On January the 2nd 2019 the yen received a large boost in value through fundamentals causing known forex pairs to crash.
As of writing this article the yearly low sits at around the 70.690 region, do I think we will we see AUD/JPY test these levels again this year?
The short answer is: Yes.
Let me explain my opininon and why this may happen below:
As of writing this article the currently price of AUD/JPY is 75.593 after rejecting the 50 smoothed moving average on the 4 hour candle charts.

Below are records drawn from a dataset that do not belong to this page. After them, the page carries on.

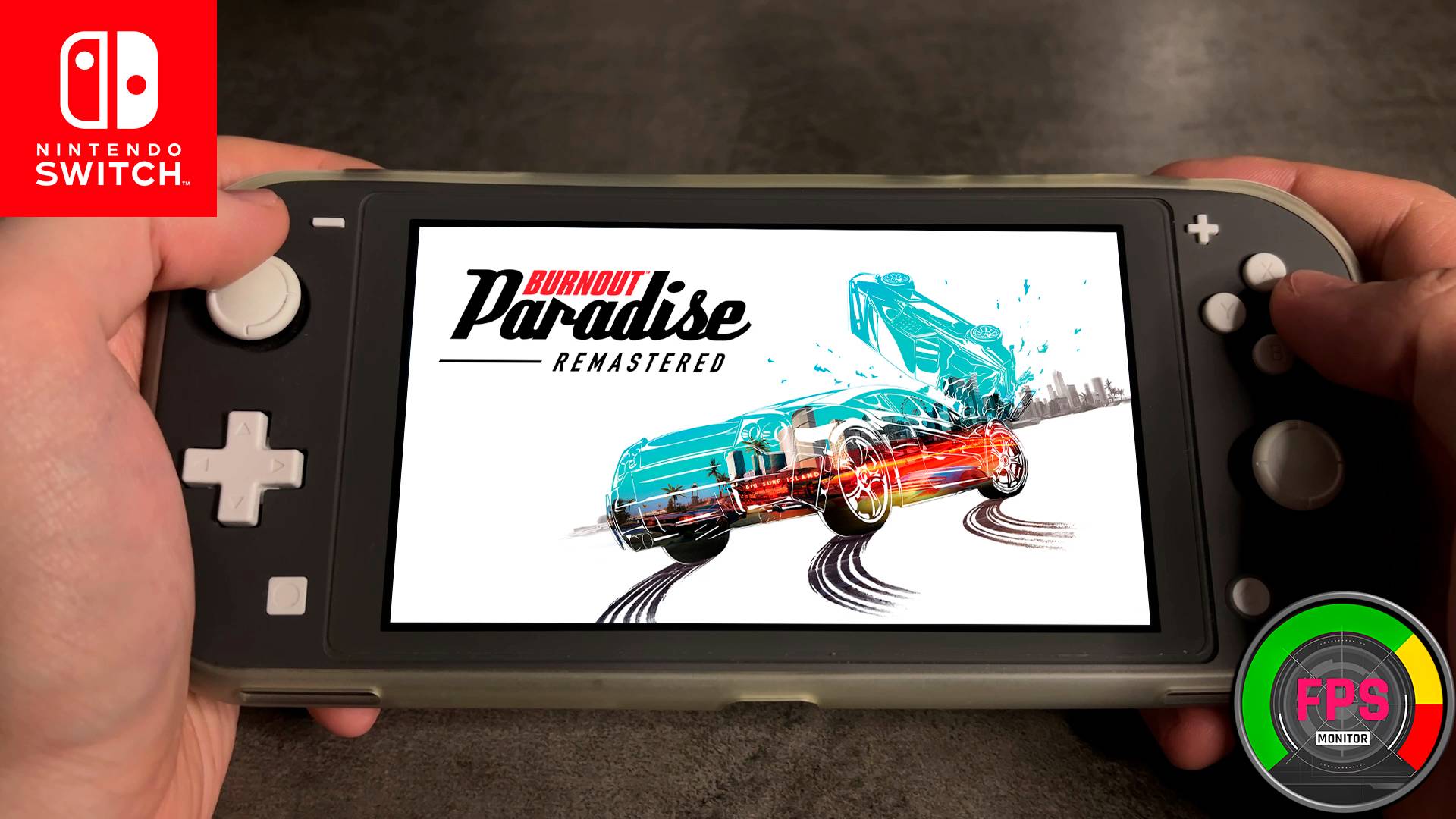 Burnout Paradise Remastered Nintendo Switch Lite Gameplay - FPS Monitor
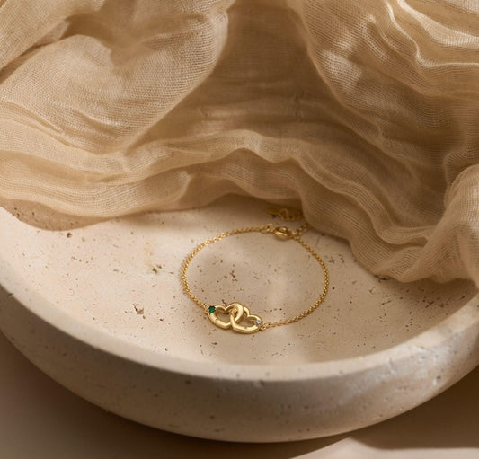 Customized Interlocking Heart Birthstone Bracelet
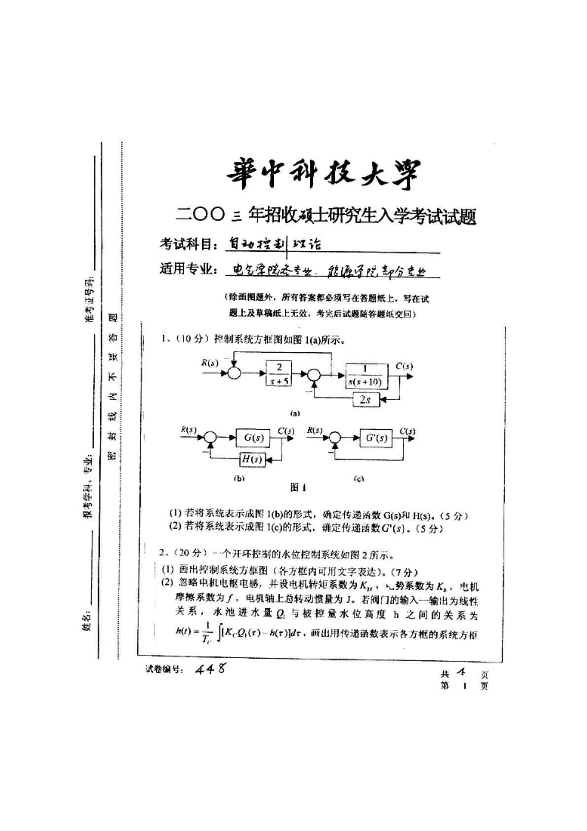 华中科技大学829自动控制原理(含经典控制理论、现代控制理论)2003年真题1
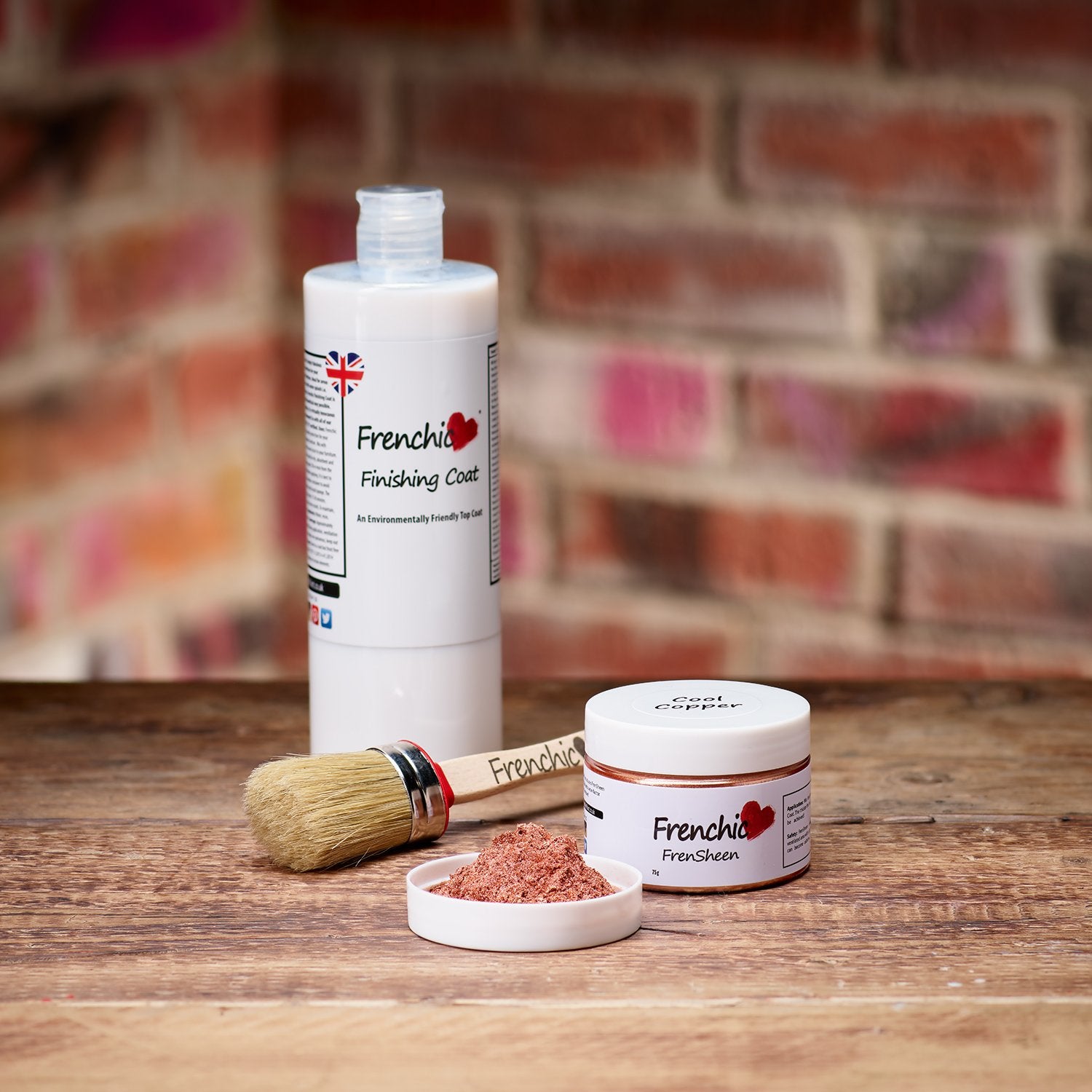 Frenchic Frensheen is a natural mineral powder for adding 'pizzazz' to your painted furniture - embellish with decorative details, update handles, highlight carving.... Available in 5 metallic colours – Bronze, Copper, Gold, Green and Silver. Mix the desired amount with your choice of Frenchic top coat to form a paint consistency or with Clear Wax. The more added the bolder the colour. Frensheen is extremely easy, fun to use and produces startling results. It has also gone through rigorous testing to be REACH certified.

It also rejected off the 50 smoothed moving average on the daily candle charts at the beginning of last week.
I would also like to add that the daily candle charts have also rejected off of the known Fibonacci and resistance level in the region of 75.200 / 75.300. Due to the higher time frame, this tends to be a bearish sign of which would usually point towards the next Fibonacci level below; which in this case is the yearly lows of 2019 (70.690).
When deciding the entry point and confirmation of analysis; I found that a sucessful break below 74.00 would confirm this scenario, ultimately creating a new lower low and lower high on the daily candle charts.
When will this analysis be invalidated?
A break through the 50 Smoothed Moving Average on the daily candle charts would begin to invalidate this anlalysis, with final confirmations when breaking back above the 100 and 200 Smoothed Moving Average daily candle charts.
At this stage we would likely begin to see a Golden Cross forming throughout our 50,100 and 200 Smoothed Moving Average's of which would further invalidate our bearish bias and instead create a bullish bias hinting towards the phsycholigical resistance level located at 80.00, which was previously reached in April 2019.